╭─ Supplied records
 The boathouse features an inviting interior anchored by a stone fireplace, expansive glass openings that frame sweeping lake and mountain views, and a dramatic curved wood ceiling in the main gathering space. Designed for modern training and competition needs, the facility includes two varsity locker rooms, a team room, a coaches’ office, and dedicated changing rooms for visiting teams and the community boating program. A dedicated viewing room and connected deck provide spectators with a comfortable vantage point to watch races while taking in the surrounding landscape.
╰─
╭─ Supplied records
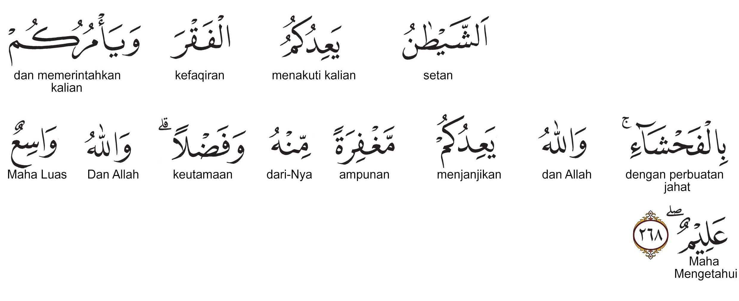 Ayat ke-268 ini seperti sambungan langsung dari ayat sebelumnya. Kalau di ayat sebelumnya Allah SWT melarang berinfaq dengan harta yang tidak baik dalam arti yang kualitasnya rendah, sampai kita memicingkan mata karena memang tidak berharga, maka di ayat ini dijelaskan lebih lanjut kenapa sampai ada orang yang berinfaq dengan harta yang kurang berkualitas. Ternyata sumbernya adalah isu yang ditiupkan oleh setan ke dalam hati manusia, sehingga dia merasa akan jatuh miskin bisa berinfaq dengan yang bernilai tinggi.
╰─
╭─ Supplied records
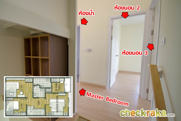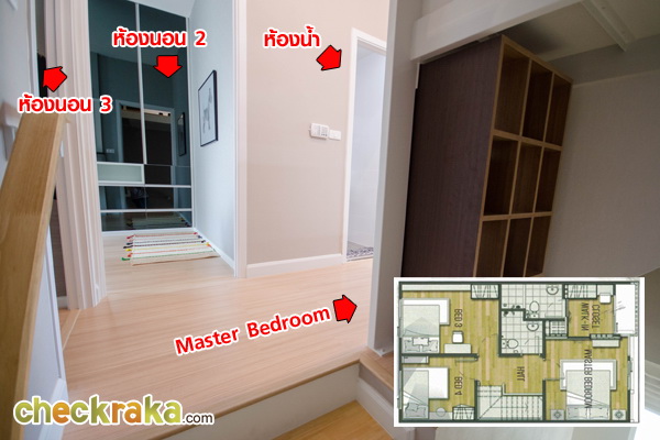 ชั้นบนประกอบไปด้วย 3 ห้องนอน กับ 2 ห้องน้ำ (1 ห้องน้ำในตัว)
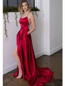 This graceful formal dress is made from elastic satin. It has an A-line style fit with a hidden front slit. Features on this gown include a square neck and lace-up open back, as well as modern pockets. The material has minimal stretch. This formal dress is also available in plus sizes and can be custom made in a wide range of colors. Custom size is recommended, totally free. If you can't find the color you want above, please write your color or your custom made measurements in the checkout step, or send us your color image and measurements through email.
╰─
__What the task requires__.
In the material above, one part opens with the line containing "ชั้นบนประกอบไปด้วย 3 ห้องนอน" and closes with the line containing "This graceful formal". Write out that part exactly and skip its pictures.

__Answer to this task__.
 ชั้นบนประกอบไปด้วย 3 ห้องนอน กับ 2 ห้องน้ำ (1 ห้องน้ำในตัว)
 This graceful formal dress is made from elastic satin. It has an A-line style fit with a hidden front slit. Features on this gown include a square neck and lace-up open back, as well as modern pockets. The material has minimal stretch. This formal dress is also available in plus sizes and can be custom made in a wide range of colors. Custom size is recommended, totally free. If you can't find the color you want above, please write your color or your custom made measurements in the checkout step, or send us your color image and measurements through email.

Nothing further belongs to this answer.